“Learn to be alone,” is the title of a chapter in Thomas Merton’s book, New Seeds of Contemplation. This is a favorite book of mine. I find it particularly helpful during certain seasons, like Lent. However, I also realize being alone is not just a Lenten theme. It is a theme for all seasons in our lives. For if we never choose to be alone, I would guess we really do not know ourselves. We will only know ourselves in relation to others and to other things. This is not bad; it is just inadequate.
Early in that chapter Merton asks a penetrating question. “How can people act and speak as if solitude were a matter of no importance in the interior life?” (80) His answer is instructive. He says, “Only those who have never experienced real solitude can glibly declare that it ‘makes no difference’ and that only solitude of the heart really matters.” It seems obvious that Merton differentiates two kinds of solitude: real solitude and solitude of the heart. Let’s explore both of these.

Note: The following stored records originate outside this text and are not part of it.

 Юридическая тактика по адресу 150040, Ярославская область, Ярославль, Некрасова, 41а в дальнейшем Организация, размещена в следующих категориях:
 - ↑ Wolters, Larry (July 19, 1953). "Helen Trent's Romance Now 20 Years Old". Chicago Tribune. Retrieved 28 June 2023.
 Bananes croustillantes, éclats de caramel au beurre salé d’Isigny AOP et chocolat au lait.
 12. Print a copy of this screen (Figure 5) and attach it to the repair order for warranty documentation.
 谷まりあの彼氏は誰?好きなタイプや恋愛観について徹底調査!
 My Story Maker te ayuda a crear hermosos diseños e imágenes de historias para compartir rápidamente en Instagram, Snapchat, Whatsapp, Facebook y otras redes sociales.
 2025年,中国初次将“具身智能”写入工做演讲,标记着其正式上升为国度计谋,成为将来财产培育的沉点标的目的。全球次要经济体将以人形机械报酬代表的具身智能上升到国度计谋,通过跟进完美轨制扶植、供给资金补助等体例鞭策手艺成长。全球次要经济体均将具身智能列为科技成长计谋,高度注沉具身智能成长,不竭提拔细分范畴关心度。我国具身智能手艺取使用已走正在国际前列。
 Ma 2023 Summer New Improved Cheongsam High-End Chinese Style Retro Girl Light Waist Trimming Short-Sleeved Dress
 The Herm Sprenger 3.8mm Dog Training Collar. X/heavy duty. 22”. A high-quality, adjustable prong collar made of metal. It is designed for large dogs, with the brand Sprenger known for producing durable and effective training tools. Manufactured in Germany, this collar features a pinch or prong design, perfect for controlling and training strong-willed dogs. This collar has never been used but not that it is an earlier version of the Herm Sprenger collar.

Real solitude is easy enough to understand. Real solitude means you are alone…physically and from any other form of connection. Real solitude does not include being by yourself, but with cell phone and email. Real solitude means for a period of time you are inaccessible to other humans. It is that time alone…with yourself and, if God shows up, with God. For that is a major reason for learning to be alone. This offers a tried and true way of coming into contact with the Divinity.

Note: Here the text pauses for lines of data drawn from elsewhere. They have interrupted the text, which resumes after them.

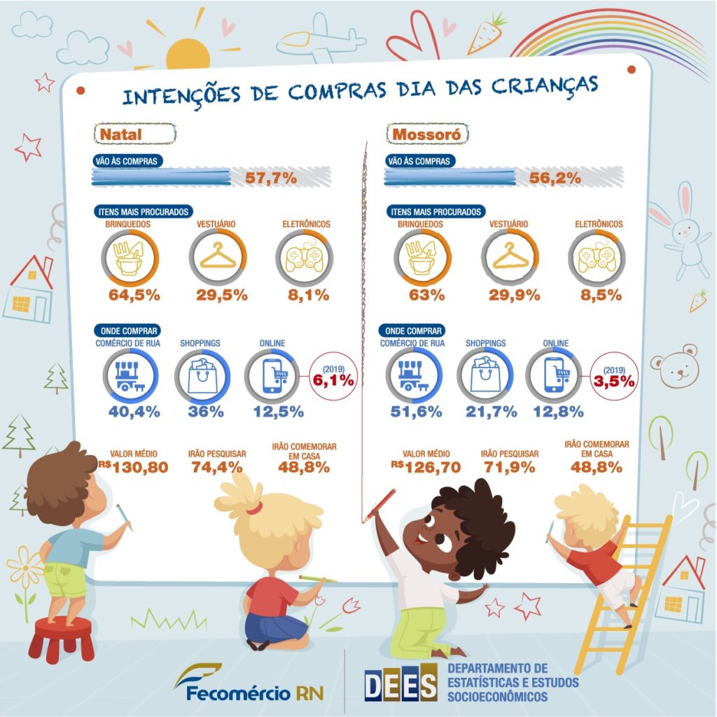 Com o cenário da pandemia, a forma de comemorar o Dia das Crianças passará por alterações. Os passeios com as crianças dão lugar as comemorações em casa, escolhida por 48,8% dos natalenses e mossoroenses.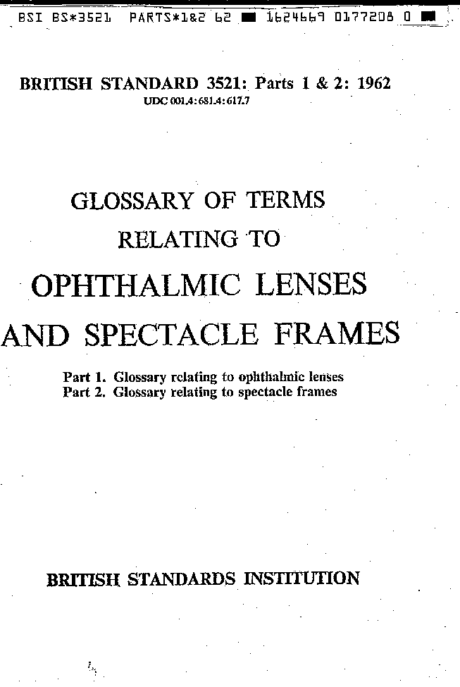 Glossary of terms relating to ophthalmic lenses and spectacle frames lenses. frames.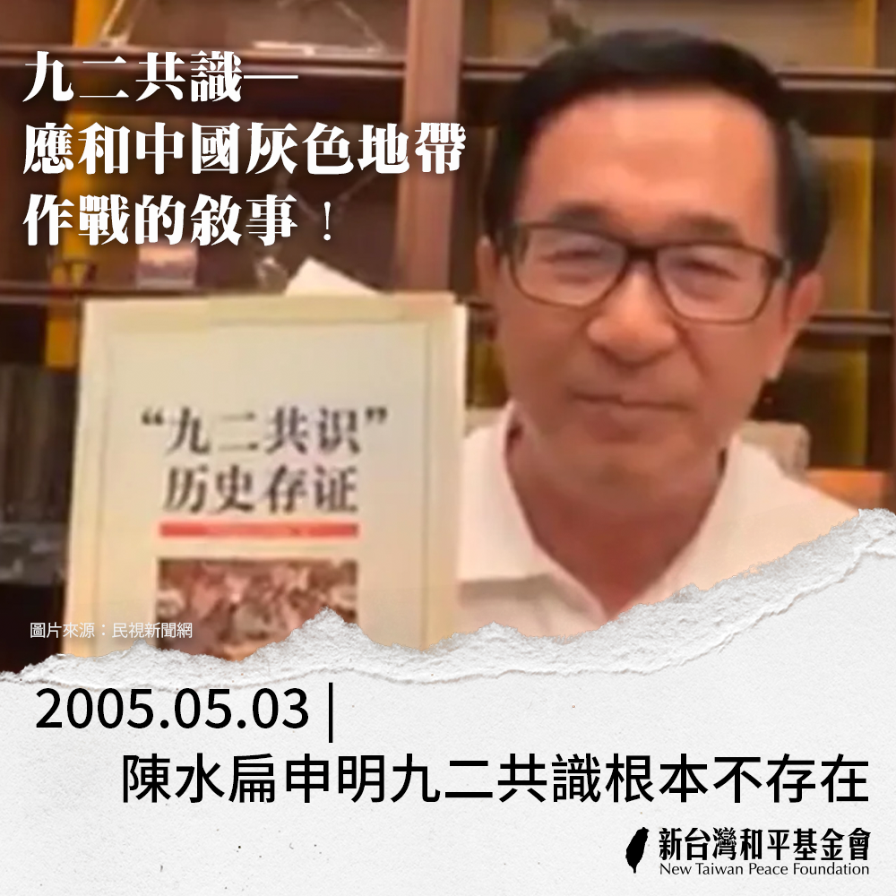 2005 年 5 月 3 日,陳水扁出訪友邦吉里巴斯,在媒體餐敘時他提道:「所謂的『九二共識』,根本不存在,因為 1992 年兩岸在香港的會談中,國民黨和中國共產黨並沒有就一個中國達成共識。一方說『一中原則』,另一方說一『中各表』,連這點都沒有共識,怎麼會有九二共識呢?」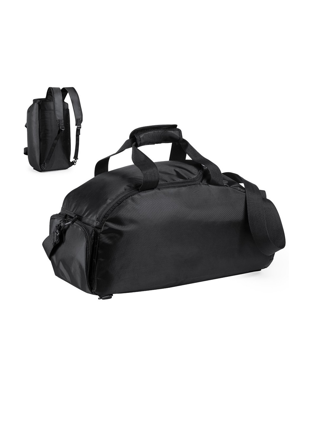 Bolso mochila en resistente nylon 420D. Compartimento independiente de cierre de cremallera para el calzado y bolsillo lateral de cremallera. Compartimento principal con cierre de cremallera de doble tirador y asas de transporte reforzadas, con cierre de velcro. Cintas de hombros y espalda acolchadas con cintas de ajuste regulables.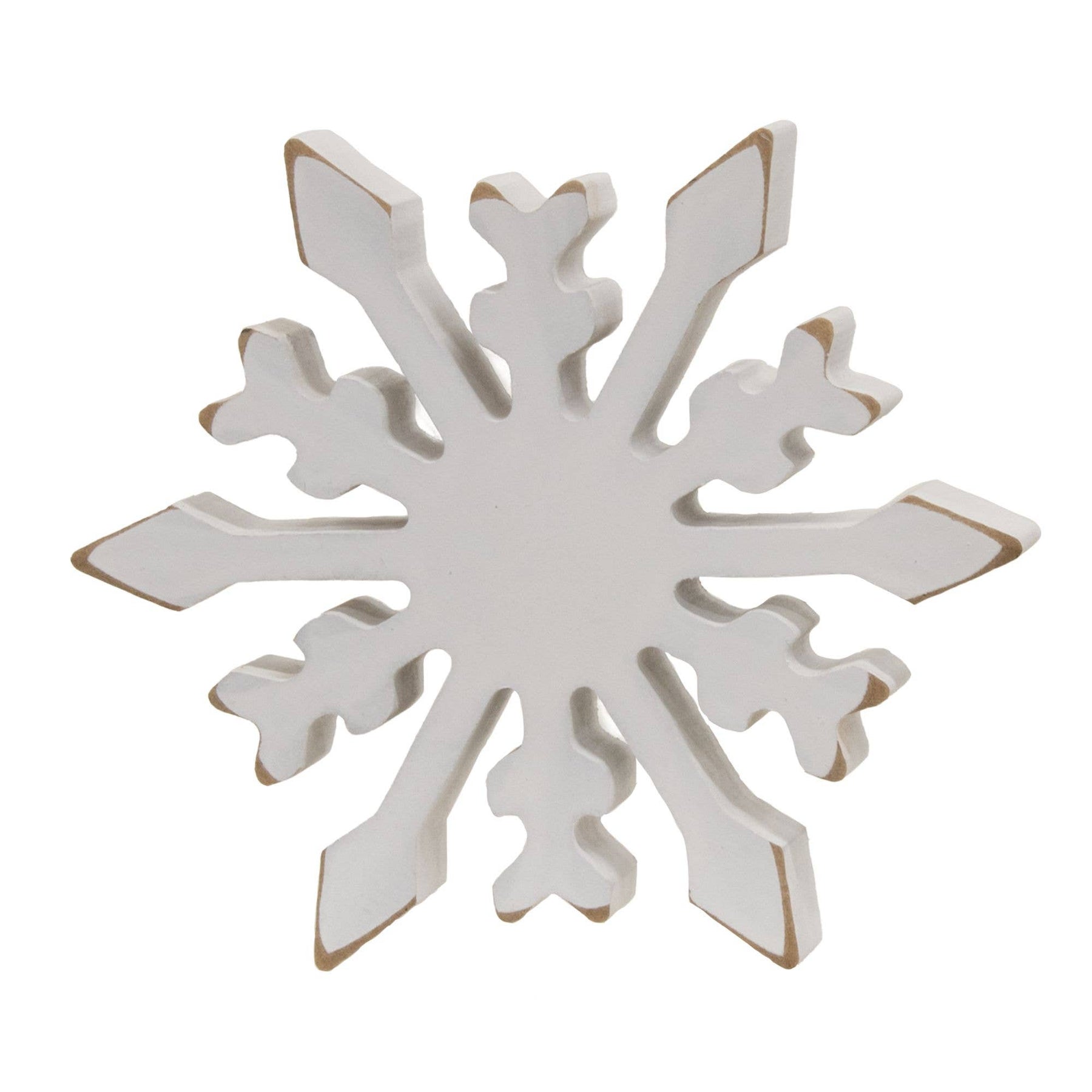 Let beauty and delight fall into the farmhouse this Winter with the Distressed Chunky Wooden Snowflake Sitters set. These lovely wooden sitters come in three styles with a white finish and distressed edges. All have a .75" depth for easy freestanding display. The small is 4" in diameter, the medium 5" in diameter, and the large 5.75" in diameter. These snowflakes add beauty and interest to signs, candles, and other Winter and holiday staples. They look great with a wide variety of styles and Winter florals.
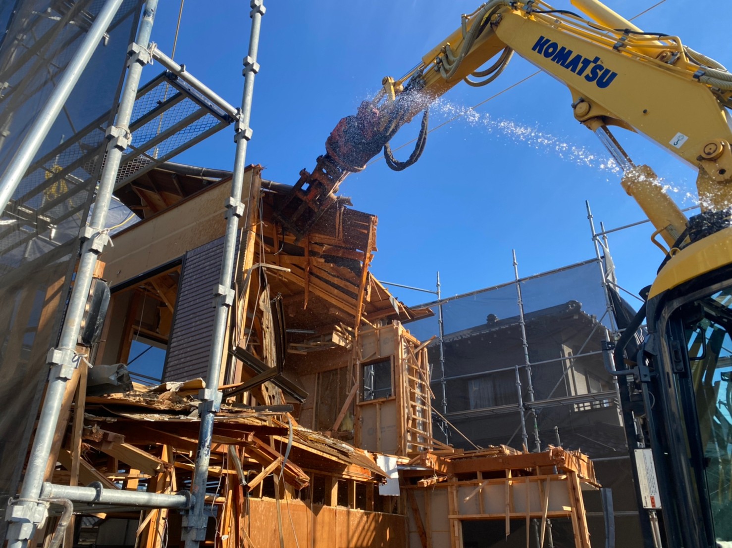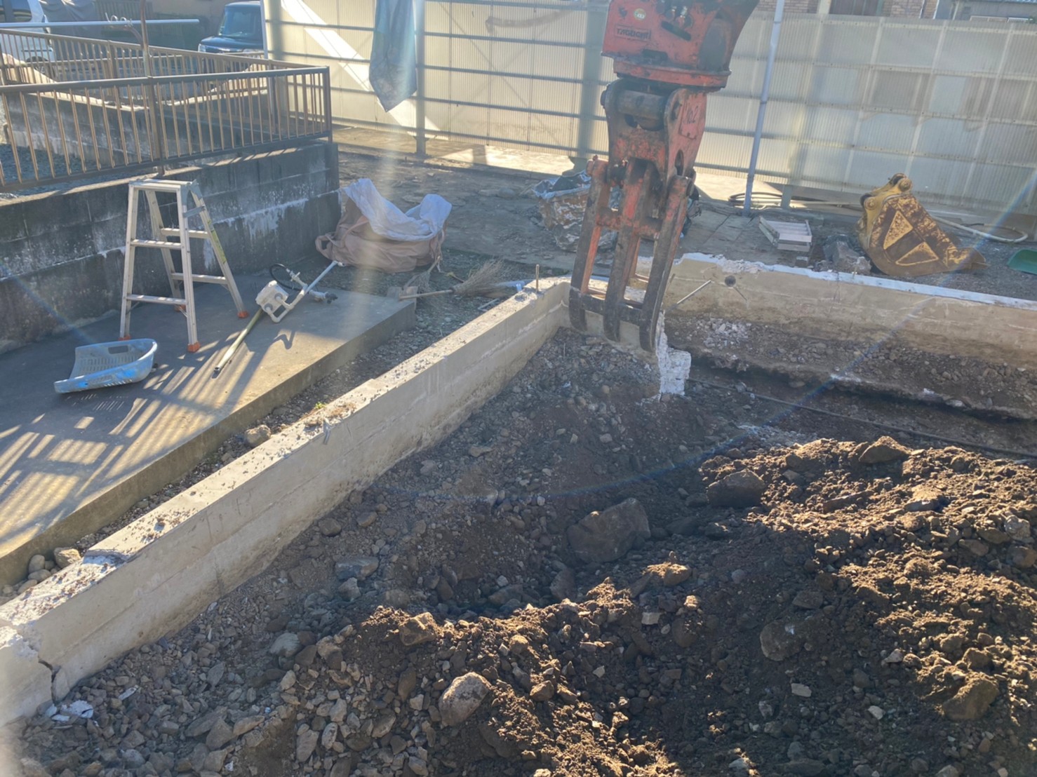 バックホウを使用しての上屋の解体、基礎の解体状況です。

And there is the other kind of solitude, what Merton calls the “solitude of the heart.” This solitude is tricky because it sounds so spiritual! But we recognize it would be easy to be in the midst of a crowd, or even with just one other person, and say rather smugly, “oh, I was able for a period of time to be alone in the solitude of my heart.” This could mean many different things. It could simply mean that I was with another person, but I was pre-occupied with my own stuff. I would hardly call that “solitude of heart.” And the list goes on. I know that if I am not literally alone, then I can trick myself that I have anything remotely like “solitude of heart.”

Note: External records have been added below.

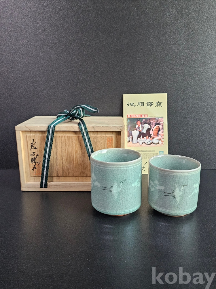 명칭 : 도암 지순탁 청자상감운학문부부잔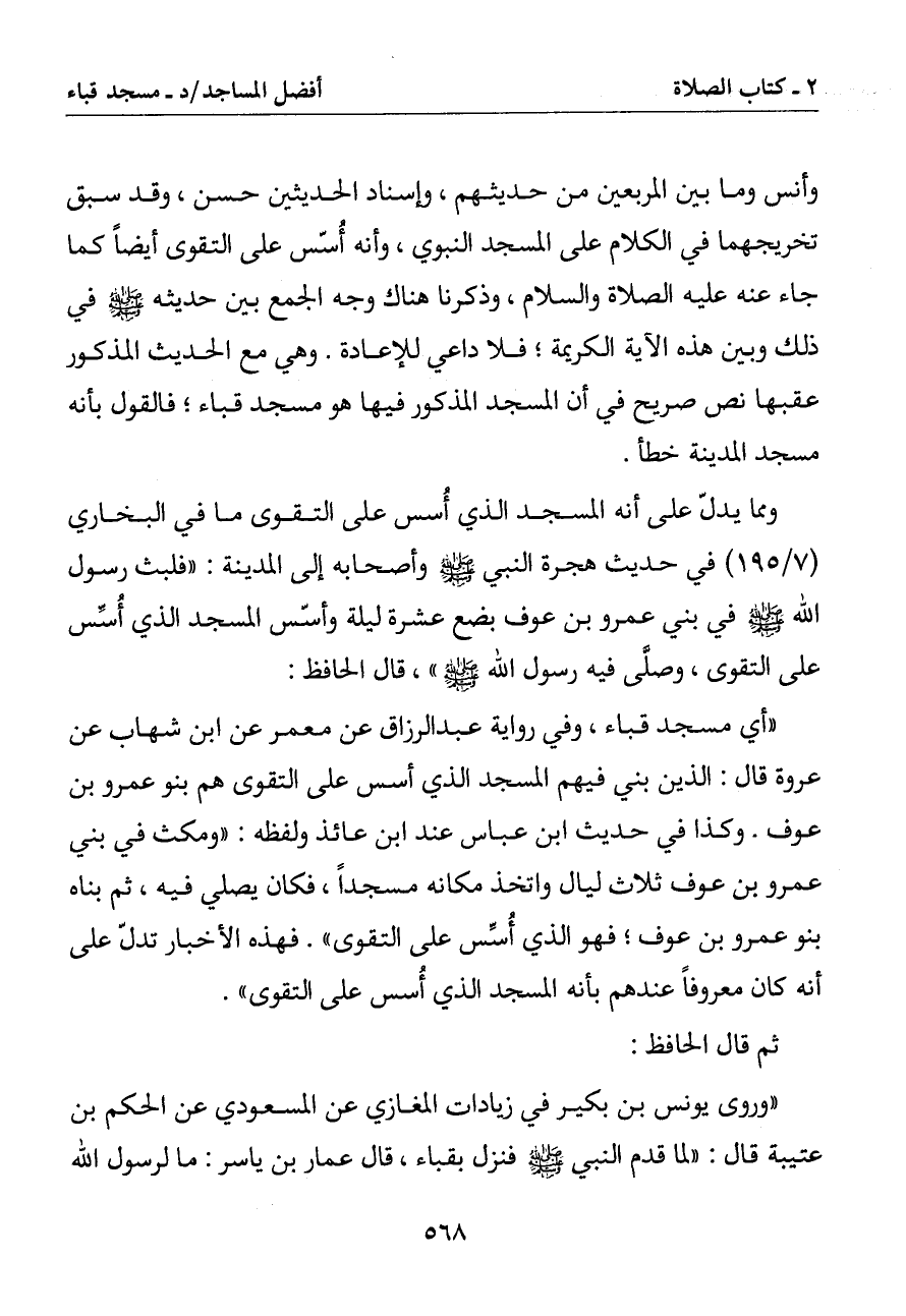(أي مسجد قباء وفي رواية عبد الرزاق عن معمر عن ابن شهاب عن عروة قال: الذين بني فيهم المسجد الذي أسس على التقوى هم بنوا عمرو بن عوف. وكذا في حديث ابن عباس عند ابن عائذ ولفظه: (ومكث في بني عمرو بن عوف ثلاث ليال واتخذ مكانه مسجدا فكان يصلي فيه ثم بناه بنو عمرو بن عوف فهو الذي أسس على التقوى). فهذه الأخبار تدل على أنه كان معروفا عندهم بأنه المسجد الذي أسس على التقوى)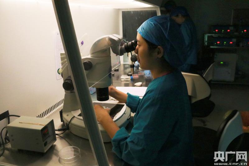 圖為張怡醫(yī)生正在進(jìn)行試管嬰兒胚胎培養(yǎng)(央廣網(wǎng)記者 黃炎秋 攝)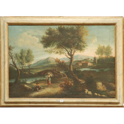 Scuola di Francesco Zuccarelli. "Paesaggio fluviale con ponticello e figure" olio su tela (cm 59x85) In cornice(difetti e restauri)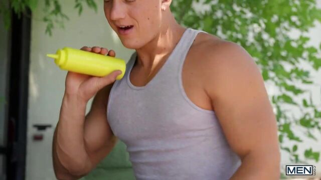 Eager beaver Felix Fox's promptness backfires when he and his bf Joey Mills show up early to the cookout and find themselves at the mercy of a very stressed hostess. Felix offers Joey a sneaky bj to apologize, squirting mustard on his sausage and licking it off! Joey sucks Felix behind the grill, but when he's called away, Felix sneaks into the kitchen to stick his dick in a pie instead. Luckily, Joey comes in to pick up where he left off, deepthroating the blond hunk and bending over the counter to get fucked. Felix pounds the bottom missionary on the counter, then Joey rides the top till he cums before getting a little pre-cookout snack on his face.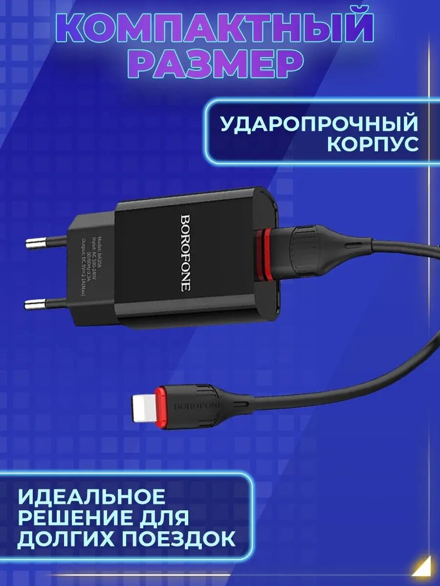 Быстрая зарядка для iPhone с кабелем Lightning в комплекте / адаптер питания для телефона, смартфона / сетевое зарядное устройство / BOROFONE BA20A

Merton is talking about very basic steps. For example, he says that “There should be at least a room, or some corner where no one will find you and disturb you or notice you.”(81) This unavailability to others is exactly the point. As long as I am available to others---and to other things---I am less likely to be available to my deeper soul or to God. And this is precisely what scares so many in our connected, busy world. WHAT would we do if we were alone! Probably this will never be answered without actually being alone. That is the risk of being alone. But perhaps there is a bigger risk in never being alone!
One of the functions of learning to be along is to expose our attachments to all that has become routine in life. Attachments are not bad; in fact, many of them are quite good, maybe even necessary. Attachments come in the form of family, friends, work, and the list goes on. But they are not ultimate; they are not God. To know God usually means we need periodically to detach. We need to learn to be alone. Ok, I am going to do it. For once I cannot say “join me!”